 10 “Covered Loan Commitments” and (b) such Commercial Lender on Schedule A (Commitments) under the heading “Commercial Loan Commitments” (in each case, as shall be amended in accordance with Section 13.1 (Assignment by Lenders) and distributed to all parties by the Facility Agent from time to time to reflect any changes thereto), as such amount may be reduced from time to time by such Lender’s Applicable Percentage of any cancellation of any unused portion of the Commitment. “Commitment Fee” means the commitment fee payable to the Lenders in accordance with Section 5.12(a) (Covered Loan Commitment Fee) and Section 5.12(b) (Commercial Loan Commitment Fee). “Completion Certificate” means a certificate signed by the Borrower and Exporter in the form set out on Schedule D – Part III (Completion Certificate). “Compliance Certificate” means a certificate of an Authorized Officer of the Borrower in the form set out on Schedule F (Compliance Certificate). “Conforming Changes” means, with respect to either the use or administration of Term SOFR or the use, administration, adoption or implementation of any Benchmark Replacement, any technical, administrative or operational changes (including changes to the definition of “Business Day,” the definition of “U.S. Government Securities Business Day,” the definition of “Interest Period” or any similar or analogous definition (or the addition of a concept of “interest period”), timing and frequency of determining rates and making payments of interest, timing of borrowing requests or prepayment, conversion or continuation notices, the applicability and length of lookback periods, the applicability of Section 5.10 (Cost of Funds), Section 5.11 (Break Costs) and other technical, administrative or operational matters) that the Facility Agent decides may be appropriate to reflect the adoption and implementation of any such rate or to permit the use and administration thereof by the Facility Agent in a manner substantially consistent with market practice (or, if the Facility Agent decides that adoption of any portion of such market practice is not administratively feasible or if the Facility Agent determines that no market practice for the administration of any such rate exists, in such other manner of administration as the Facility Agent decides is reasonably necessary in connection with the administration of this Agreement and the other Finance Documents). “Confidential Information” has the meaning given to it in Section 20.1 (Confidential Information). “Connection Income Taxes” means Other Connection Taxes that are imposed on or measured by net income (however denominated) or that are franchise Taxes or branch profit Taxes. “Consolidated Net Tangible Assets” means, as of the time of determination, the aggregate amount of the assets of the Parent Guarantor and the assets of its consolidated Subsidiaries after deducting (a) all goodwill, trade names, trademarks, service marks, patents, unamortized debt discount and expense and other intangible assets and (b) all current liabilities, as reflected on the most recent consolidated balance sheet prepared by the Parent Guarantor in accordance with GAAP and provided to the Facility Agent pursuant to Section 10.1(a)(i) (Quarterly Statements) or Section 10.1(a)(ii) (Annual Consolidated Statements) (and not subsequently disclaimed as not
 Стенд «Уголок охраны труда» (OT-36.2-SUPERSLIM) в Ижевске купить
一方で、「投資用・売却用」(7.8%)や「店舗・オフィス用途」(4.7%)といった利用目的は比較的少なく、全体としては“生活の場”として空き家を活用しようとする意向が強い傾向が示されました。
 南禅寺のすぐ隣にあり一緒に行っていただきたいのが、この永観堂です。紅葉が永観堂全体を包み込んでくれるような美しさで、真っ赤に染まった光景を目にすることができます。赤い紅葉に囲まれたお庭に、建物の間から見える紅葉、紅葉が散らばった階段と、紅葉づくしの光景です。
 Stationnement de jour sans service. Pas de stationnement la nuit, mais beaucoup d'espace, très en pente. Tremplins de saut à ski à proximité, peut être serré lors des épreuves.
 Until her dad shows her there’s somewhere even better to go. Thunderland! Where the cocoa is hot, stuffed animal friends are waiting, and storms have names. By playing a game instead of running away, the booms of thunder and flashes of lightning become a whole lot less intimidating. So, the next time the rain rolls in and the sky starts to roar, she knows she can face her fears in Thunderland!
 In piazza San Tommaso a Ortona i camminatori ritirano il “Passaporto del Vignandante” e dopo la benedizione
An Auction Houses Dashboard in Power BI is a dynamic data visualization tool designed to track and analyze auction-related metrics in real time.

====

PROBLEM STATEMENT
Looking at the data above, write out exactly the lines that start at the one containing "в Ижевске купить" and end at the one containing "In piazza San"; include both and nothing beyond.

RESULT OF THE EXERCISE
 Стенд «Уголок охраны труда» (OT-36.2-SUPERSLIM) в Ижевске купить
一方で、「投資用・売却用」(7.8%)や「店舗・オフィス用途」(4.7%)といった利用目的は比較的少なく、全体としては“生活の場”として空き家を活用しようとする意向が強い傾向が示されました。
 南禅寺のすぐ隣にあり一緒に行っていただきたいのが、この永観堂です。紅葉が永観堂全体を包み込んでくれるような美しさで、真っ赤に染まった光景を目にすることができます。赤い紅葉に囲まれたお庭に、建物の間から見える紅葉、紅葉が散らばった階段と、紅葉づくしの光景です。
 Stationnement de jour sans service. Pas de stationnement la nuit, mais beaucoup d'espace, très en pente. Tremplins de saut à ski à proximité, peut être serré lors des épreuves.
 Until her dad shows her there’s somewhere even better to go. Thunderland! Where the cocoa is hot, stuffed animal friends are waiting, and storms have names. By playing a game instead of running away, the booms of thunder and flashes of lightning become a whole lot less intimidating. So, the next time the rain rolls in and the sky starts to roar, she knows she can face her fears in Thunderland!
 In piazza San Tommaso a Ortona i camminatori ritirano il “Passaporto del Vignandante” e dopo la benedizione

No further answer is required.